Глаза Игнашенко расширились от ужаса, и он быстро начал мотать головой в знак отрицания.
– Никак нет, товарищ подполковник, я не из таких. Мамой клянусь!
– Точно? Что ж ты ведешь себя тогда, как пидар? Разве нормальные пацаны так поступают со своими сослуживцами? Подставы такие кидают, а? Как считаешь?
Капитан энергично подался вперед, приложив руку к сердцу, видимо, в знак искренности.
– Виноват Павел Николаевич! Ей, богу, виноват! Не иначе как садомит распоследний и поступил. Каюсь! Не подумал! С похмелья был в тот день…
Подполковник удивленно покачал головой.
– Ты что же, капитан, в пьянке признаешься? До конца решил замарать честь офицера? – строго произнес Тифитулин, но на лице его читалось, что он уже не злился.
Не то чтобы… день рождения отмечали…
Начальник полиции устало посмотрел на него.
Дурак ты, Игнашенко. Ладно… в этот раз обошлось, хорошо, что вовремя увидел – он пальцем указал на мятую бумагу перед Игнашенко, – смотри, чтоб в последний раз такое! А то вылетишь ко всем чертям, по статье! До конца жизни будешь охранником в супермаркете сосать!
– Так точно, Павел Николаевич, больше такого не повторится… я просто того, думал, что вы с коммерсом тем в друзьях. Вот и решил…
Павел Николаевич махнул рукой на подчиненного, сам же подумал, что действительно получилось нехорошо. Машину наверняка угнали те залетные дагестанцы, с которыми подполковник имел договоренность. За долю начальник полиции закрывал глаза на угон дорогих машин в городе, которые потом переправлялись в Москву, где перепродавались или шли на запчасти. «Тоже хорош, конечно… ладно, потом что-нибудь придумаю.» Взгляд его снова упал на подчиненного.
– Скажи Игнашенко, как там дела с тем отрицалой? Раскололи? Подписал повинную?

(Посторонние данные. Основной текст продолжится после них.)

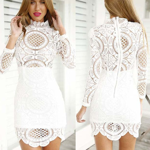 Show your mature woman charm and sexy flavor through this dress. Hollow out lace spliced style,

– Пока нет, не подписывает сученыш, но это не проблема, все подпишет – дело техники. – Игношенко радостно осклабился, видно было, что он уверен в том, что говорит. Подполковник удовлетворенно кивнул:
– Давай-давай, поспеши с этим, конец квартала уже, планы горят…«глухарей» надо скидывать.
– Не переживайте, все будет. Это мы умеем, – и капитан вновь задорно заулыбался. Тифитулин лишь покачал головой.
– Ты плохой сотрудник, Игнашенко. Дурной и некомпетентный. Но другие еще хуже. Так что старайся, старайся лучше, ведь когда я пойду наверх, кому-то нужно будет занять это кресло. В глазах капитана загорелся огонек от таких слов, недобрый, почти безумный, так что подполковник невольно задумался о том, какой должно быть начнется беспредел, если этот отморозок придет к власти. Но его, это нимало не заботило, так как сам он в этой дыре уже точно долго не задержится, если все его планы сбудутся. А к тому все и шло.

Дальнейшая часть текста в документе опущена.